• PROBLEM REQUIREMENTS: Starting at the first line of the data, please print exactly those lines through the one that holds "In the spring", omitting every picture.

• GIVEN INFORMATION:
────────────────────────────────────────

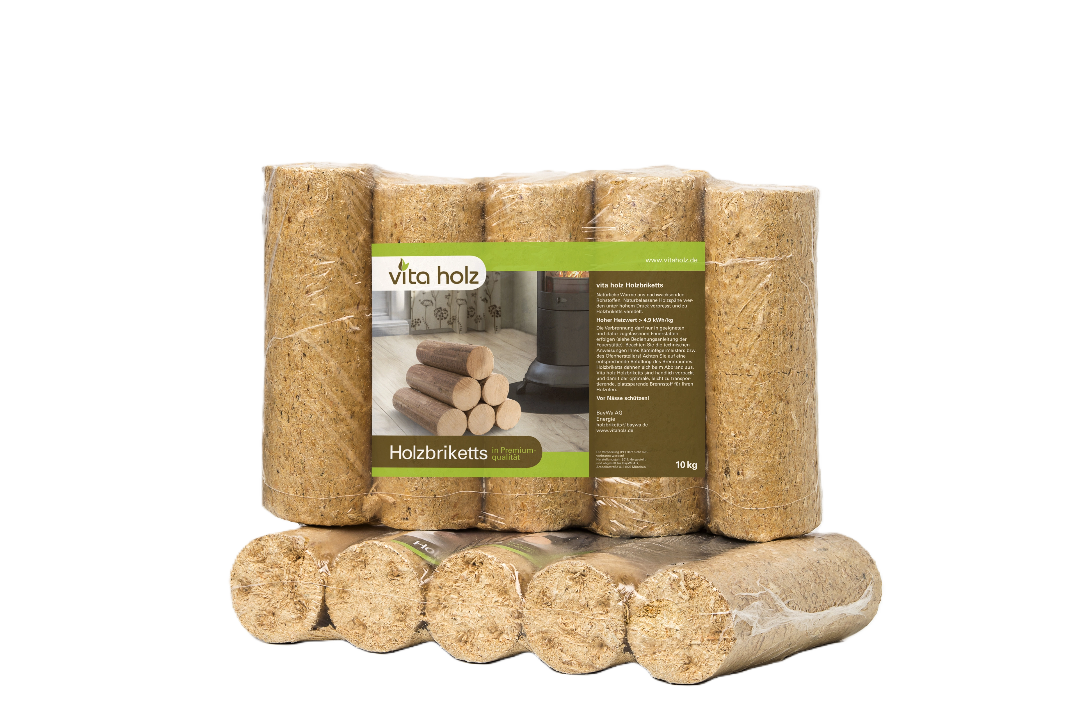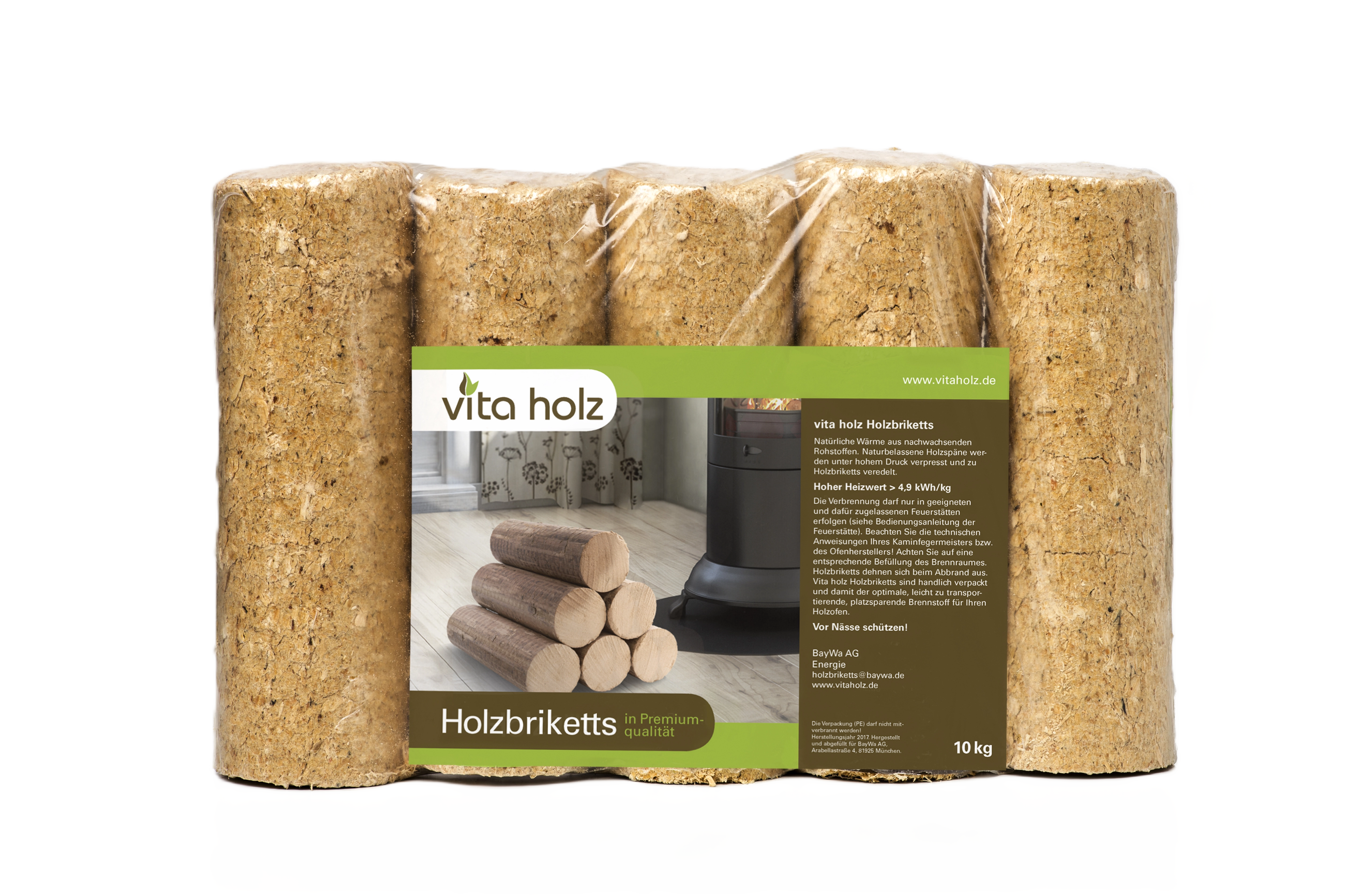 Vita holz Holzbriketts für Holzheizungen, Kachelöfen, Kamine, Herde sind ein hundertprozentiges Naturprodukt und frei von Rinde, Altholzanteilen, Zusatzstoffen und Bindemitteln.
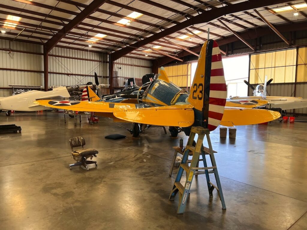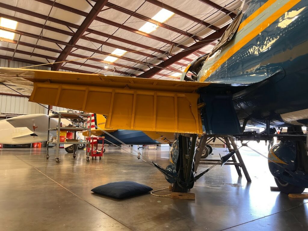 In the spring of 1962, WW2/Korean War ace Walker “Bud” Mahurin, who was also a pilot for The Air Museum, spearheaded efforts to restore the aircraft to airworthiness in time for the Air Force’s Gunnery Meet and Air Power Demonstration at Indian Springs Air Force Auxiliary Field (now Creech Air Force Base), 45 miles northwest of Las Vegas, Nevada. Since Mahurin worked for Autonetics, a division of North American Aviation, he was able to arrange for the aircraft to be brought to Autonetics’ Flight Test Facility at Los Angeles International Airport for a complete overhaul to be restored to flight, which was carried out by a volunteer team. The team was also able to secure a sponsorship from Pratt & Whitney to fund the rebuild of the R-1340 radial engine, which was done by Aviation Power Supply in Burbank, while the volunteer team scrounged to find as many replacement parts as they could bring to LAX.
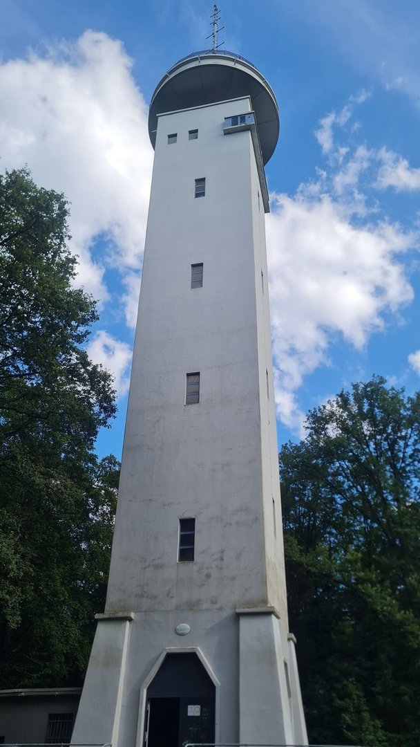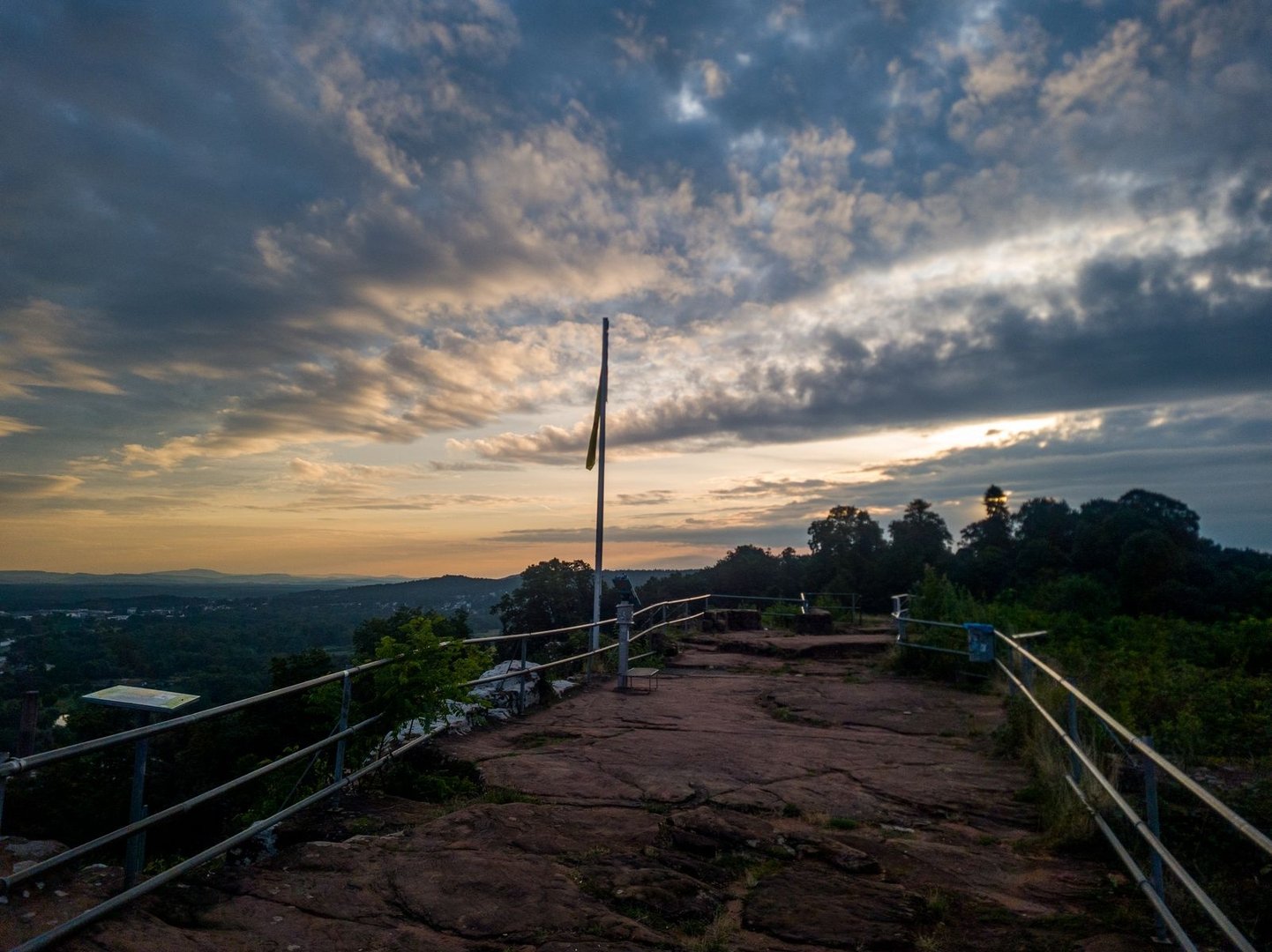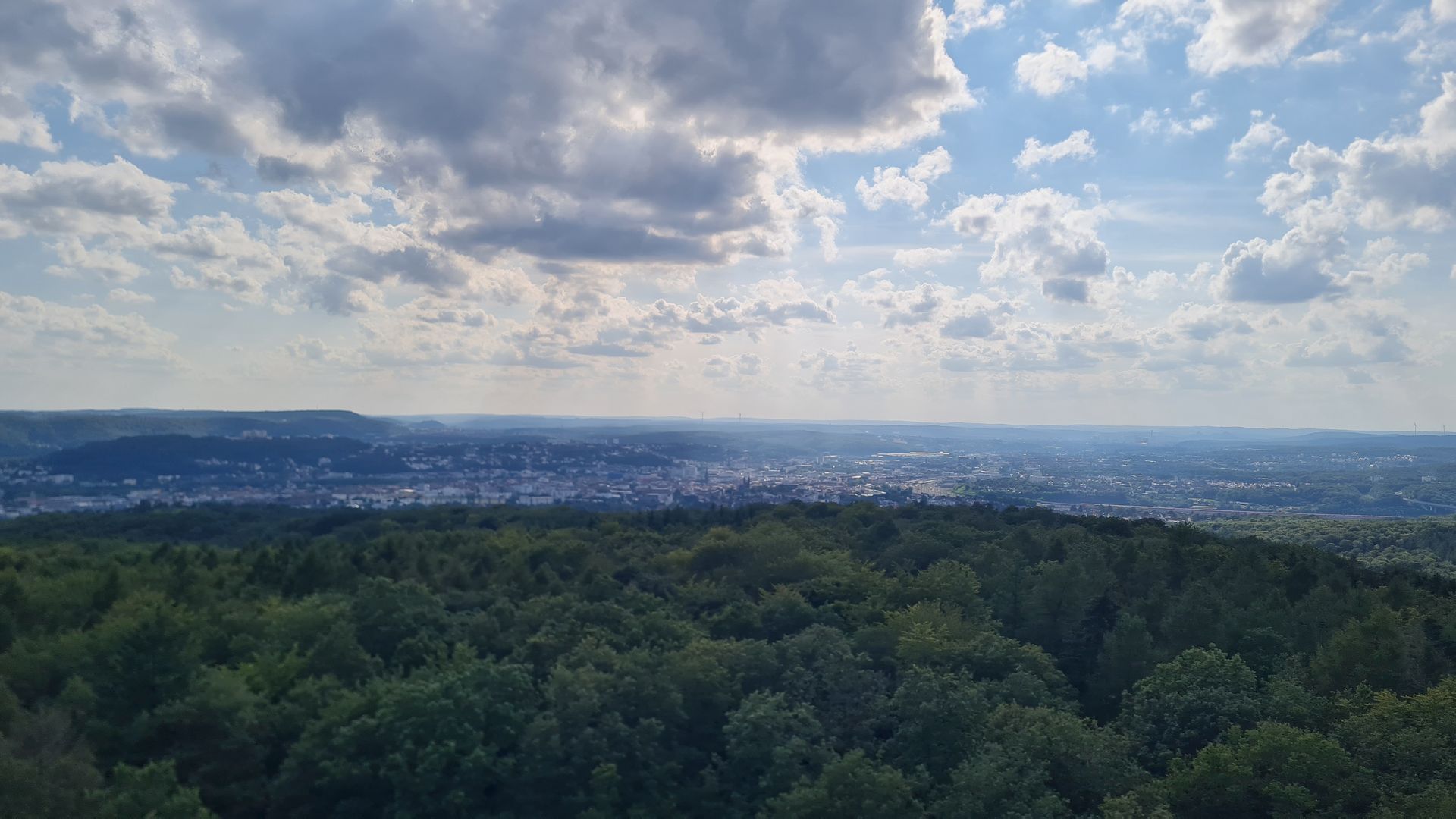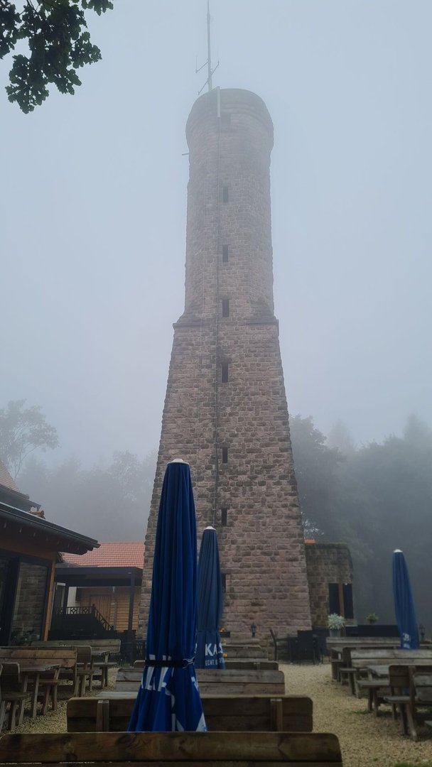 Irgendwo auf diesem Abschnitt meckerte plötzlich mein linker Fuß und irgendwas tat weh. In St. Ingbert stieg ich daher kurz in den Bus und fuhr zur nächsten Apotheke. Ausgestattet mit Ibus und keiner Fußgelenksbandage (über 80€ waren mir einfach zu viel dafür) ging es wieder auf den Trail. Für den Rest des Tages nahm ich die Geschwindigkeit nun fast ganz raus. Nun ging es aus St. Ingbert raus, am großem Stiefel, einer Felsformation, vorbei, Richtung Saarbrücken. Die Wege waren jetzt alle etwas breiter, die Singletrails den Mountainbikern vorbehalten - gut, auch die wollen irgendwo fahren. Das absolute Highlight dieses Abschnittes ist der Schwarzenbergturm. Was ein wahnsinniger Ausblick über die Landschaft, der bei gutem Wetter bis in die Vogesen reicht.

────────────────────────────────────────

• ANSWER BELOW:
 Vita holz Holzbriketts für Holzheizungen, Kachelöfen, Kamine, Herde sind ein hundertprozentiges Naturprodukt und frei von Rinde, Altholzanteilen, Zusatzstoffen und Bindemitteln.
 In the spring of 1962, WW2/Korean War ace Walker “Bud” Mahurin, who was also a pilot for The Air Museum, spearheaded efforts to restore the aircraft to airworthiness in time for the Air Force’s Gunnery Meet and Air Power Demonstration at Indian Springs Air Force Auxiliary Field (now Creech Air Force Base), 45 miles northwest of Las Vegas, Nevada. Since Mahurin worked for Autonetics, a division of North American Aviation, he was able to arrange for the aircraft to be brought to Autonetics’ Flight Test Facility at Los Angeles International Airport for a complete overhaul to be restored to flight, which was carried out by a volunteer team. The team was also able to secure a sponsorship from Pratt & Whitney to fund the rebuild of the R-1340 radial engine, which was done by Aviation Power Supply in Burbank, while the volunteer team scrounged to find as many replacement parts as they could bring to LAX.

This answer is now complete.